## [WHAT TO PRODUCE]
Take the entries below and print, exactly, the stretch from the line containing "Voor dit overzicht" through the line containing "buveuses de café!", both included.

## [DATA TO PROCESS]
=== Section Start ===

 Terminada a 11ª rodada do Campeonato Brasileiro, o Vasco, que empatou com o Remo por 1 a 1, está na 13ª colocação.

=== Section End ===
=== Section Start ===

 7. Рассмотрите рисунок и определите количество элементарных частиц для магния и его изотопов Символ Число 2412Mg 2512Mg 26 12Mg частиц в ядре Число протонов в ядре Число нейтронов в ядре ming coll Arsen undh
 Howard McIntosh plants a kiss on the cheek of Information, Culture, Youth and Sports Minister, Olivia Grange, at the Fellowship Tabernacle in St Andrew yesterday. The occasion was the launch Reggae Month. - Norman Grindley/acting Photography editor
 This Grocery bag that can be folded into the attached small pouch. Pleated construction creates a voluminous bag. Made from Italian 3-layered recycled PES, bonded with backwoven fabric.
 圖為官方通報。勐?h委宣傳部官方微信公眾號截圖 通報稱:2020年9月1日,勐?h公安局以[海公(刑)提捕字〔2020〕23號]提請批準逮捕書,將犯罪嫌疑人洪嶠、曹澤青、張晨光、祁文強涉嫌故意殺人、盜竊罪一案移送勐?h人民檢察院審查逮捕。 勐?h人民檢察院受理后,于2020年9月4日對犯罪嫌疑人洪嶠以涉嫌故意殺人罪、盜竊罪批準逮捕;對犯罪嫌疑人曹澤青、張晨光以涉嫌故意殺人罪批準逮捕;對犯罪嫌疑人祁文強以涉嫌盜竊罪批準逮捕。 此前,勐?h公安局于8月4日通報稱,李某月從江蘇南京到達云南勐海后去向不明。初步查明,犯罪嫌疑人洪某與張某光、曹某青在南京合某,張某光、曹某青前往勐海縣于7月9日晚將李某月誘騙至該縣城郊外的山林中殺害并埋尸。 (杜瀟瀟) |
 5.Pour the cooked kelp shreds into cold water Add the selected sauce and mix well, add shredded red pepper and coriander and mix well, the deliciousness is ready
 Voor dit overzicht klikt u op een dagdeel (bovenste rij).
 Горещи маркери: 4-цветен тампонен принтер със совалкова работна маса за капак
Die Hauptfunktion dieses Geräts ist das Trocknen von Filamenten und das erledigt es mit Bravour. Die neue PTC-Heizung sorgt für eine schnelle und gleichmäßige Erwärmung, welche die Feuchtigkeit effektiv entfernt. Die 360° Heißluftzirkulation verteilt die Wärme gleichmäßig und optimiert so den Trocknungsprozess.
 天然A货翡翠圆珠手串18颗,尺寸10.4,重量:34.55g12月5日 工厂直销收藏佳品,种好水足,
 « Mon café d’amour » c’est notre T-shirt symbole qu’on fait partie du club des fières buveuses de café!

=== Section End ===
=== Section Start ===

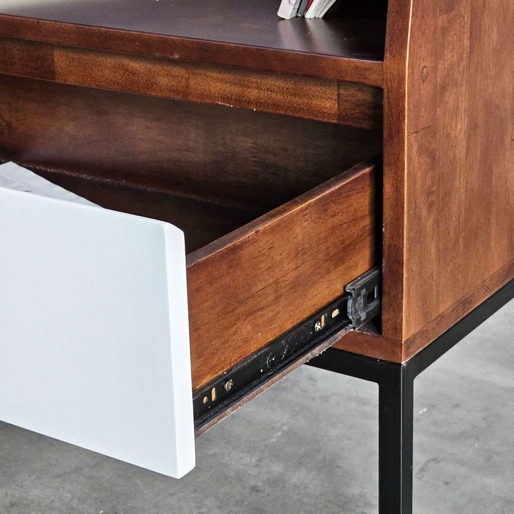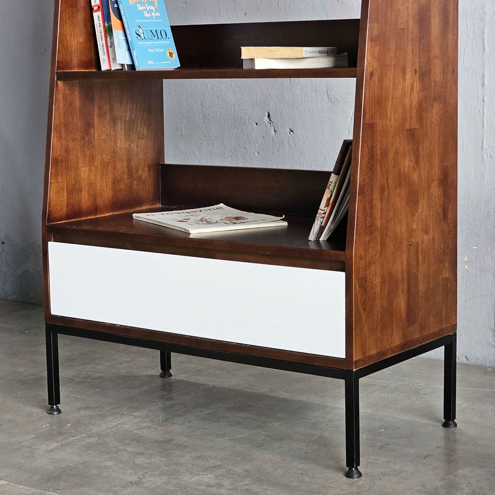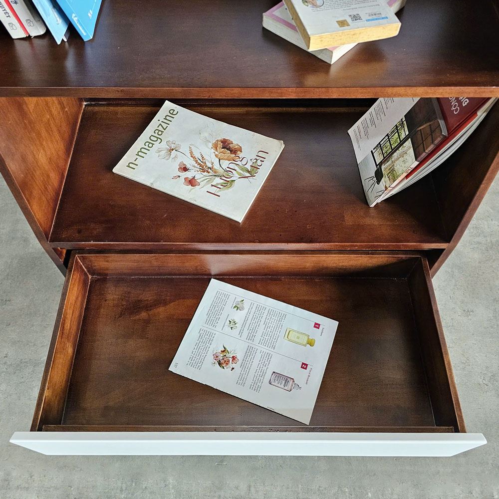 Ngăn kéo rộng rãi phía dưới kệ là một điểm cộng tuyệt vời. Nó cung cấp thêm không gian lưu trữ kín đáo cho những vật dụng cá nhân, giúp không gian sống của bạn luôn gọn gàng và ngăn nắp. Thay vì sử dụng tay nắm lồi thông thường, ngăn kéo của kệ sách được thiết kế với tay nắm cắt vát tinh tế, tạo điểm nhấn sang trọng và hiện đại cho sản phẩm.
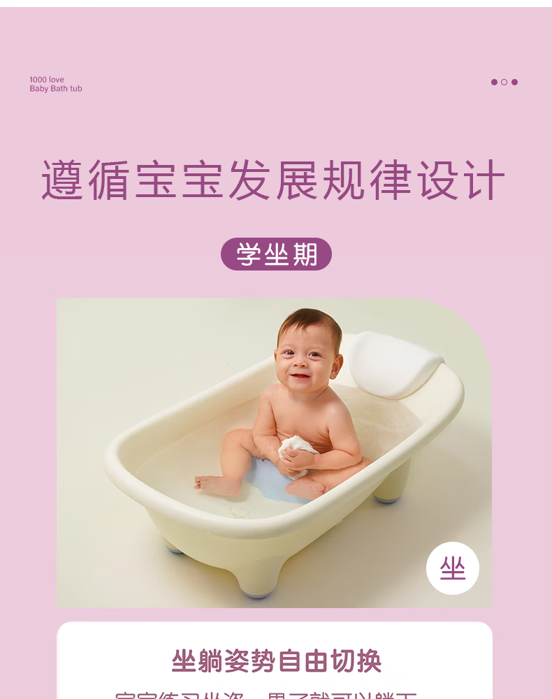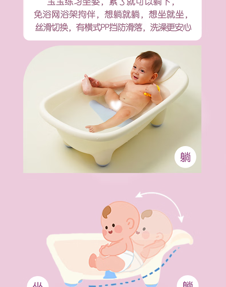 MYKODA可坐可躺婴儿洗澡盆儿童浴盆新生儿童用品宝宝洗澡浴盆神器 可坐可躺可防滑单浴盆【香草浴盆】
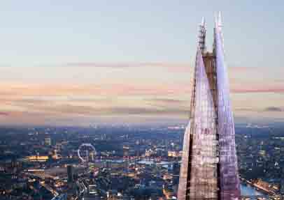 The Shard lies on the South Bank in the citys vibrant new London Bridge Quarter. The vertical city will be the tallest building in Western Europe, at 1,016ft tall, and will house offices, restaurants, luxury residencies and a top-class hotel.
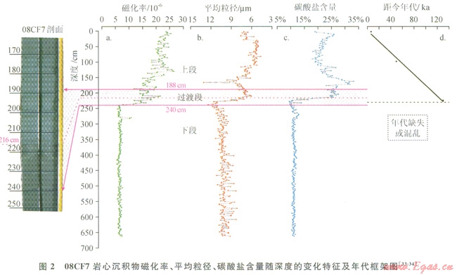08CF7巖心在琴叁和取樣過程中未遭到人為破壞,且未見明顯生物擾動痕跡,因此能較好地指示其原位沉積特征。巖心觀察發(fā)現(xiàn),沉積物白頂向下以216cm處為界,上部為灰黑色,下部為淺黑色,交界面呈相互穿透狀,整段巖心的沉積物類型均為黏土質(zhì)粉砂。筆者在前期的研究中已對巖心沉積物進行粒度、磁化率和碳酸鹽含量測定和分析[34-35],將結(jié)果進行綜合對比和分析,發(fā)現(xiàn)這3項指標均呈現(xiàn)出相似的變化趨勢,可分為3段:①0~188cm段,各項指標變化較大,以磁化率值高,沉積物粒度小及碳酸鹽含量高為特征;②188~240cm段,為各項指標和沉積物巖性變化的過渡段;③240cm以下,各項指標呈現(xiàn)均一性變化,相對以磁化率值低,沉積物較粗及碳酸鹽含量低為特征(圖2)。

=== Section End ===

## [WRITTEN RESPONSE]
 Voor dit overzicht klikt u op een dagdeel (bovenste rij).
 Горещи маркери: 4-цветен тампонен принтер със совалкова работна маса за капак
Die Hauptfunktion dieses Geräts ist das Trocknen von Filamenten und das erledigt es mit Bravour. Die neue PTC-Heizung sorgt für eine schnelle und gleichmäßige Erwärmung, welche die Feuchtigkeit effektiv entfernt. Die 360° Heißluftzirkulation verteilt die Wärme gleichmäßig und optimiert so den Trocknungsprozess.
 天然A货翡翠圆珠手串18颗,尺寸10.4,重量:34.55g12月5日 工厂直销收藏佳品,种好水足,
 « Mon café d’amour » c’est notre T-shirt symbole qu’on fait partie du club des fières buveuses de café!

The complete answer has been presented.